Pfannkuchen gehören zu den beliebtesten Familienrezepten überhaupt. Klar: Sie wecken Kindheitserinnerungen – und auch bei Erwachsenen immer ein kleines Highlight, egal ob zum Frühstück, Mittagessen oder als Snack. Mit unserem einfachen Pfannkuchen-Grundrezept gelingen euch weiche, saftige Eierkuchen ganz ohne Stress.
- Euch erwartet Omas klassisches Pfannkuchen-Rezept ohne Firlefanz.
- Es ist super schnell gemacht und basiert auf wenigen Grundzutaten, die eh jeder daheim hat.
- Durch eine spezielle Rührreihenfolge bekommt ihr einen garantiert glatten Pfannkuchenteig ohne Klümpchen.
- Die Eierkuchen sind perfekt zum Rollen und Füllen.
- Der Teig ist vergleichsweise neutral, daher schmecken sie mit süßen Toppings genauso wie mit herzhaften Belägen.


Dieses Pfannkuchenrezept ist seit vielen Jahren auf Backen macht glücklich eines der beliebtesten Rezepte überhaupt.

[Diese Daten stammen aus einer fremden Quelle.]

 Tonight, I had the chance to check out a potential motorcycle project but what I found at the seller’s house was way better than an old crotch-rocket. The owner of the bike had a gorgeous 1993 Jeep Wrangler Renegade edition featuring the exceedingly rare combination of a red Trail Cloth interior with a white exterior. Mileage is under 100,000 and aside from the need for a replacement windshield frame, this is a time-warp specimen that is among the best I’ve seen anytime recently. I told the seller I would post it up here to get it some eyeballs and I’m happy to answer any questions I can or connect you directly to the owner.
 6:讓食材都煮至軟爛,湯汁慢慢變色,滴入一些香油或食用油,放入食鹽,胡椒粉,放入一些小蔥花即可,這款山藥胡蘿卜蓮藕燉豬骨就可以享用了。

Ich habe es im Lauf der Zeit immer wieder leicht verbessert und viele hilfreiche Tipps zum Gelingen hinzugefügt. Worauf es ankommt, damit Omas Pfannkuchen richtig gut gelingen, verrate ich euch nach dem Grundrezept.
Pfannkuchen
Zutaten
Für den Teig
- 200 Gramm Weizenmehl
- 250 Mililiter Milch
- 2 Esslöffel Zucker Menge nach Geschmack
- 1 Prise Salz Menge nach Geschmack
- 3 große Eier
- 125 Milliliter Sprudelwasser oder ebenfalls Milch
Zum Backen
- Butter oder neutrales Öl
Zubereitung
- 200 Gramm Weizenmehl, 250 Mililiter Milch, 1 Prise Salz, 2 Esslöffel Zucker
Mehl, Milch, Zucker und Salz z.B. mit dem Handmixer in einer Schüssel zu einem glatten, dicklichen Teig verrühren. - 3 große Eier, 125 Milliliter Sprudelwasser
Die Eier einzeln nacheinander unterrühren. Zum Schluss das Mineralwasser nur kurz und vorsichtig unterrühren, damit möglichst viel Luft im Teig bleibt.

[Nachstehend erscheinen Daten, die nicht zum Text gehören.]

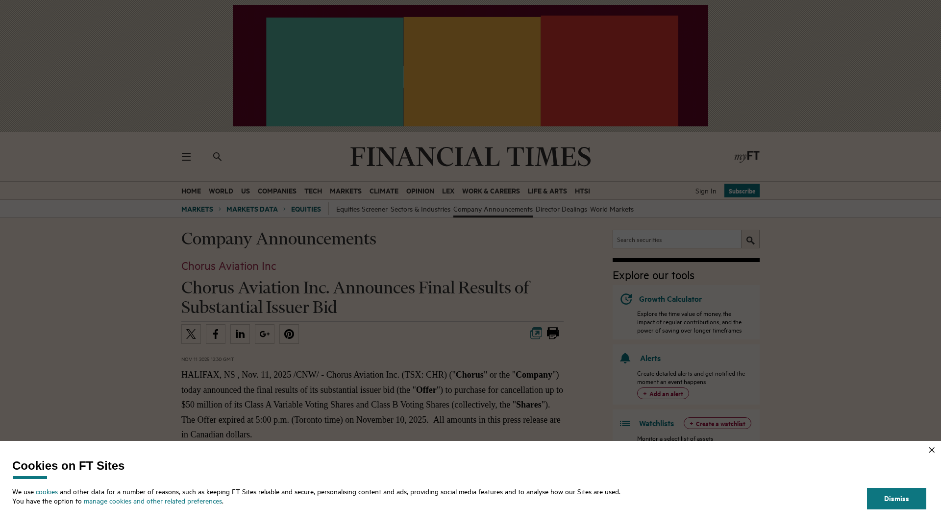 Chorus Aviation reports final results of its $50M share repurchase, buying 2.06M shares at $24.25 amid an oversubscribed offer.
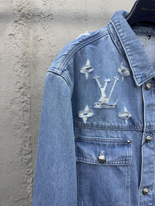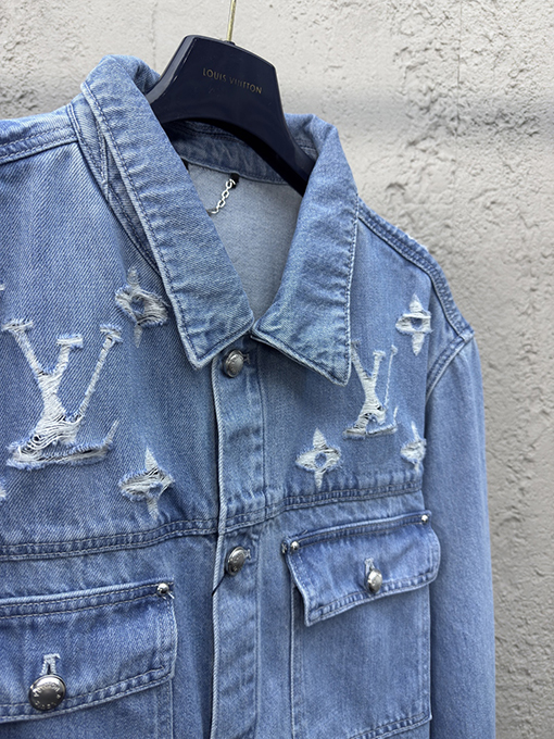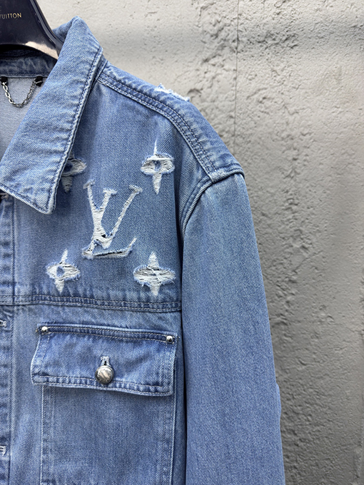 商品说明 | 洗練されたクラフトマンシップと大胆なデザインで、現代的なラグジュアリーデニムのファッション表現を再定義するこのルイヴィトンウォッシュレトロブレイキングデニムジャケット。特殊なウォッシュ処理と破壊工程を経て、レトロな摩耗の質感効果を生み出し、細部まで独特の風合いを醸し出し、自然で個性的なレトロな雰囲気を醸し出しています。 |
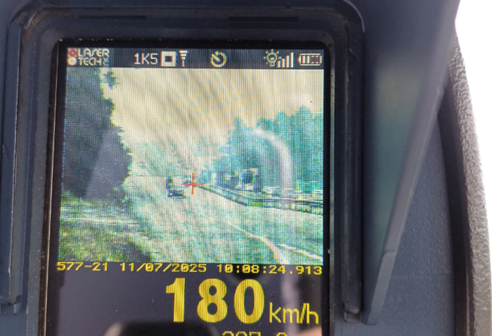 Agentes da Polícia Rodoviária Federal (PRF) registraram, na manhã desta sexta-feira (11), uma infração grave durante operação de controle de velocidade na BR-101, no trecho de Jaguaruna. Um Chevrolet Tracker foi flagrado trafegando a 180 km/h, velocidade 70 km/h acima do limite permitido para veículos leves no local, que é de 110 km/h.
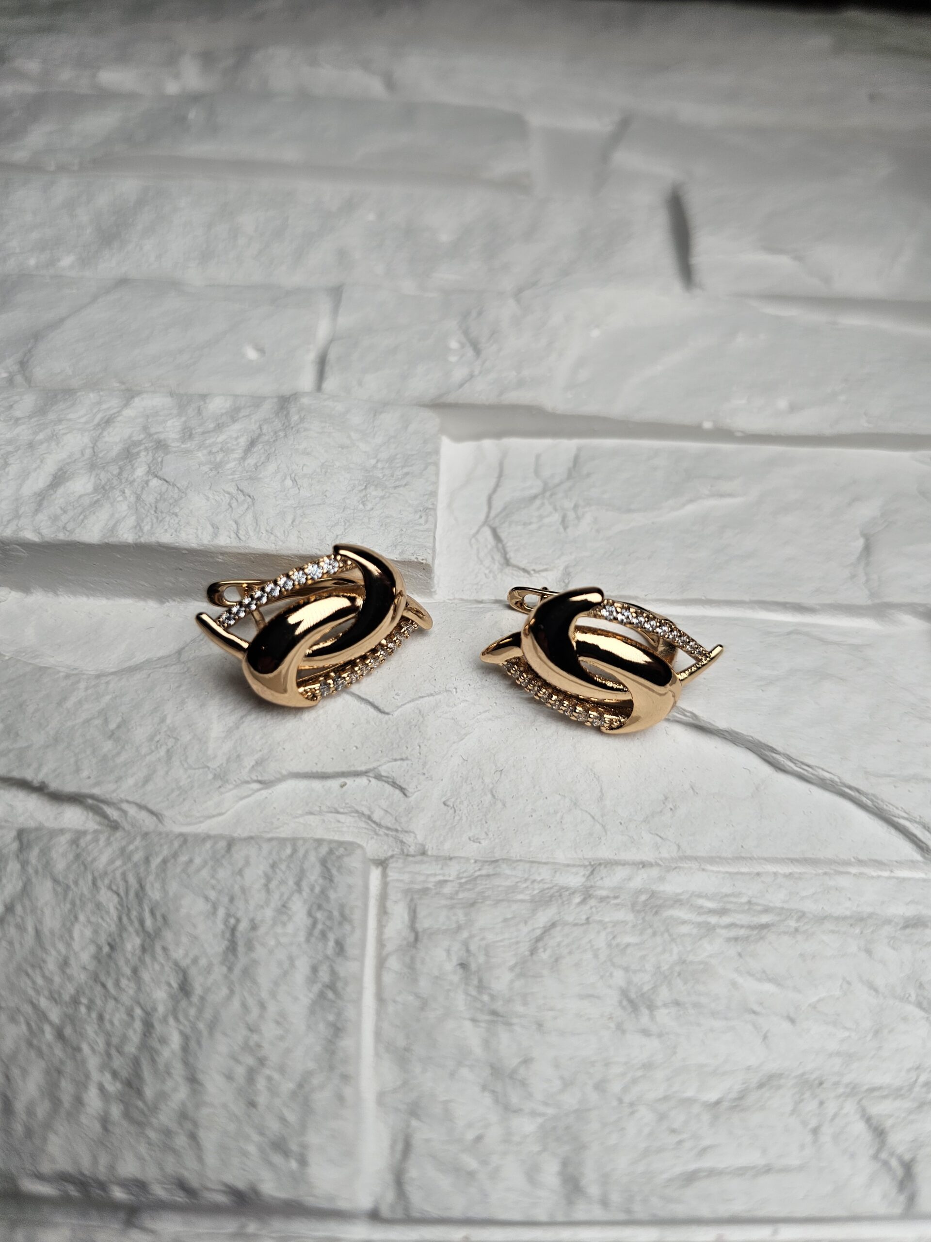 Auksinės spalvos auskarai su elegantišku susipynusiu dizainu ir subtiliu akmenėlių žvilgesiu. Jų išskirtinė forma suteikia prabangos ir išbaigtumo pojūtį, o blizgantis paviršius puikiai atspindi šviesą. Idealus pasirinkimas tiek kasdieniam stiliui, tiek ypatingai progai.
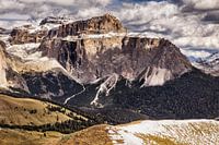 De Sass Pordoi gezien van de Col Rodella in de buurt van de Italiaanse plaats Canazei (Val di Fassa)
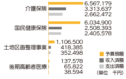 一般会計では、当初予算284億7,000万円に前年度からの繰越予算と補正予算を加えた294億882万1千円が現在の予算額となります。一方、特別会計では各会計の総額で当初予算137億1,300万円に繰越予算と補正予算を加えた138億4,615万7千円が現在の予算額となります。各会計の執行状況などは以下のとおりです。
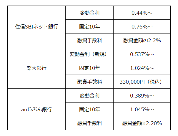 住宅ローンの新規借入時の金利(変動金利と当初10年間固定金利)は3行ともそれほど大きな差はありません。以前は店舗型の銀行と比べると金利の低さが際立っていましたが、現在はメガバンク、地方銀行いずれも大幅な金利引き下げを実施しており、ネットと実店舗での金利差もそれほど大きくないという印象です。

Den recht dünnen Teig etwa 10 Minuten ruhen lassen.- Butter
Eine beschichtete Pfanne auf mittlerer Stufe erhitzen. Etwas Butter oder Öl hineingeben. Pro Pfannkuchen etwa ein Achtel des Teigs in die Pfanne geben und durch Schwenken verteilen.
Sobald die Oberfläche weitgehend fest ist und sich der Pfannkuchen leicht lösen lässt, wenden und die zweite Seite goldgelb ausbacken.- Den übrigen Teig auf dieselbe Weise ausbacken. Vor jedem neuen Pfannkuchen den Teig kurz umrühren. Die fertigen Pfannkuchen sofort servieren oder bei etwa 50 Grad im Backofen warmhalten.
Diese Zutaten braucht ihr
- Weizenmehl Type 405 sorgt für einen glatten Teig und eine schöne, weiche Konsistenz, lässt sich aber problemlos durch helles Dinkelmehl ersetzen.

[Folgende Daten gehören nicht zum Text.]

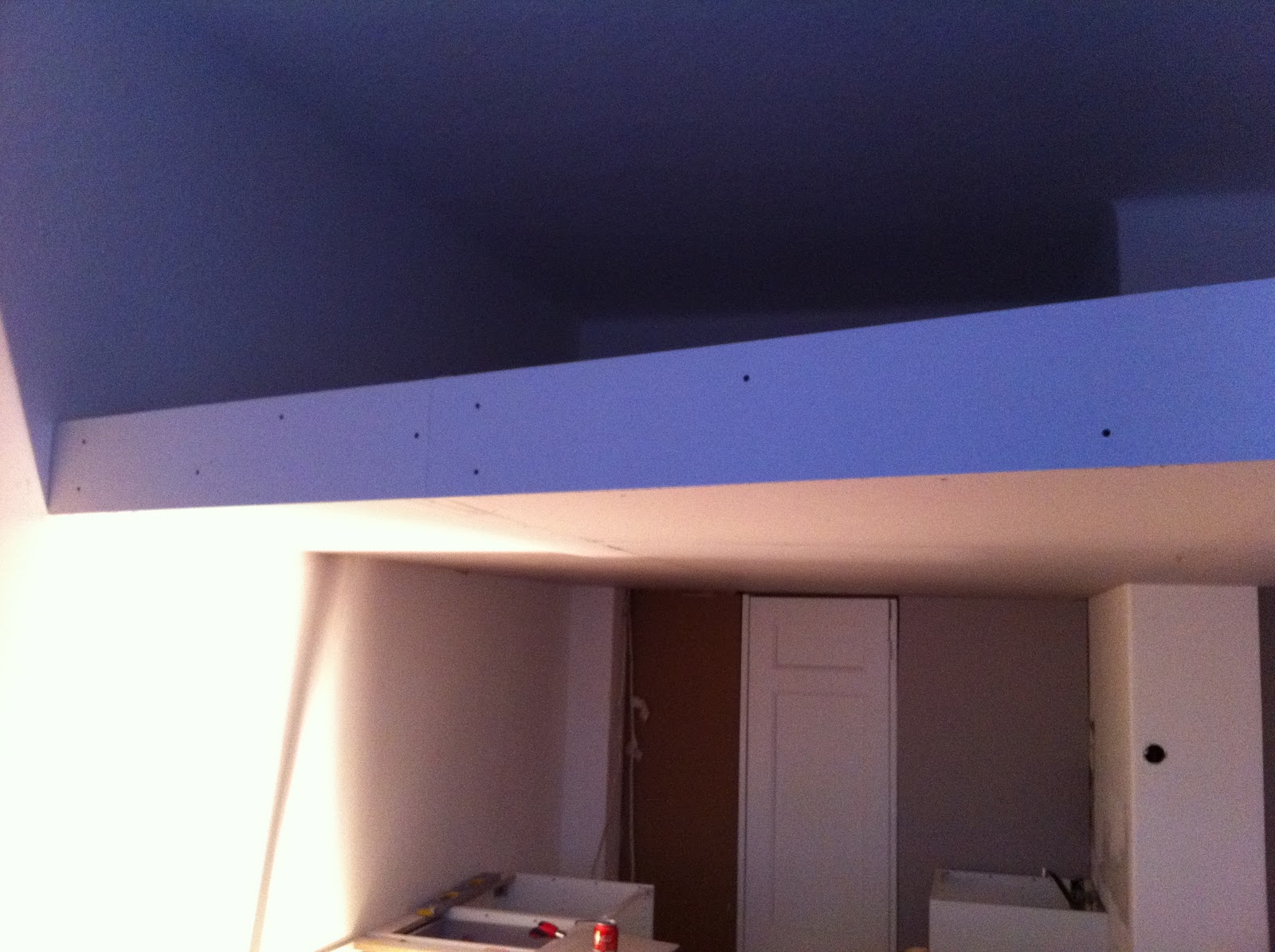 Tänään on sitten viides päivä. Jäljellä on vielä tasoittamista, hiomista, näpertelyä ja maalaamista. Sitten asennetaankin lamput, sähköt ja ym. valaistus. Rappuset tilasin italiasta eilen ja ne ovat täällä n.2 viikon kuluttua.

- Milch bildet quasi die Basis des Pfannkuchenteigs. Ein Teil davon wird in diesem Rezept durch Mineralwasser mit Sprudel ersetzt. In meinen Tests wurden die Pfannkuchen durch die Kohlensäure immer etwas lockerer, der Unterschied ist allerdings kleiner als oft behauptet. Wer möchte, kann also auch nur Milch verwenden.
- Eier sorgen für Bindung, Stabilität und Geschmack. Sie machen die Pfannkuchen „elastisch“ und verhindern, dass sie beim Wenden reißen.
- Zucker sorgt nicht nur für Süße, sondern unterstützt auch die schöne goldgelbe Farbe. Die Menge lässt sich nach Geschmack erhöhen oder verringern.
- Butter oder Öl eignen sich zum Ausbacken gleichermaßen, genauso wie Butterschmalz. Wie viel Fett benötigt wird, hängt stark von eurer verwendeten Pfanne ab.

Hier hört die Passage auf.